In the second place, I thought it necessary to stay on, for the sake of the Hindu Code. In the opinion of some, it may be wrong for me to have held on for the sake of the Hindu Code. I took a different view. The Hindu Code was the greatest social reform measure ever undertaken by the legislature in this country. No law passed by the Indian Legislature in the past or likely to be passed in the future can be compared to it in point of its significance.
To leave inequality between class and class, between sex and sex, which is the soul of Hindu Society untouched and to go on passing legislation relating to economic problems is to make a farce of our Constitution and to build a palace on a dung heap. This is the significance I attached to the Hindu Code. It is for its sake that I stayed on notwithstanding my differences. So if I have committed a wrong, it is in the hope of doing some good. Had I no ground for such a hope, for overcoming the obstructionist tactics of the opponents? I would like in this connection to refer only to three of the statements made by the Prime Minister on the floor of the House.
On 28th November, 1949, the Prime Minister gave the following assurance. He said:
“What is more, the Government is committed to this thing (Hindu Code). It is going through with it.”
“Government would proceed with that. It is for this House to accept a measure, but if a Government takes an important measure, and the House rejects it, the House rejects that Government and the Government goes and another Government comes in its place. It should be clearly understood that this is one of the important measures to which the Government attaches importance and on which it will stand or fall.”
Again on 19th December, 1949, the Prime Minister said:
“I do not wish the House to think in the slightest degree that we consider that this Hindu Code Bill is not of importance, because we do attach the greatest important to it, as I said, not because of any particular clause or anything, but because of the basic approach to this vast problem in problems, economic and social. We have achieved political freedom in this country, political independence. That is a stage in the journey, and there are other stages, economic, social and other and if society is to advance, there must be this integrated advance on all fronts.”

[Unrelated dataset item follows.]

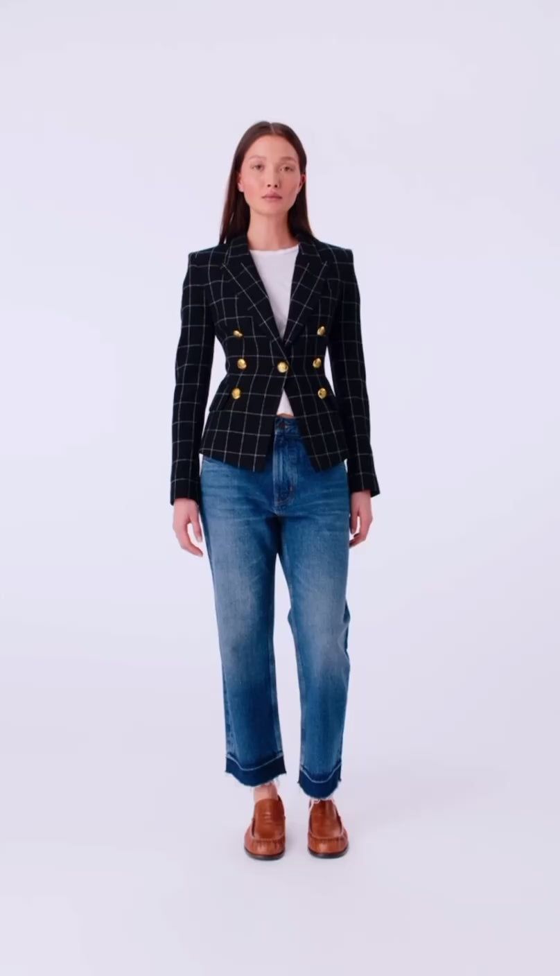 De coupe ajustée, cette nouvelle silhouette de SMYTHE reprend tous les atouts du blazer Not a DB, dans une version plus courte et haute. Confectionné en laine lavée européenne, chaque pièce, de par sa fabrication, est unique par son motif et sa texture. Ce veston est à associer à un jean et un t-shirt classique pour un look décontracté raffiné.

On the 26th September, 1951, the Prime Minister said:
“It is not necessary for me to assure the House of the desire of Government to proceed with this measure in so far as we can proceed with it within possibilities, and so far as we are concerned we consider this matter as adjourned till such time as the next opportunity – I hope it will be in this Parliament – offers itself.”
This was after the Prime Minister had announced the dropping of the Bill. Who could not have believed in these pronouncements of the Prime Minister? If I did not think that there could be a difference between the promises and performances of the Prime Minister the fault is certainly not mine. My exit from the Cabinet may not be a matter of much concern to anybody in this Country. But I must be true to myself and that can be only by going out. Before I do so, I wish to thank my colleagues for the kindness and courtesy they have shown to me during my membership of the Cabinet. While I am not resigning from my membership of Parliament, I also wish to express my gratitude to Members of Parliament for having shown great tolerance towards me.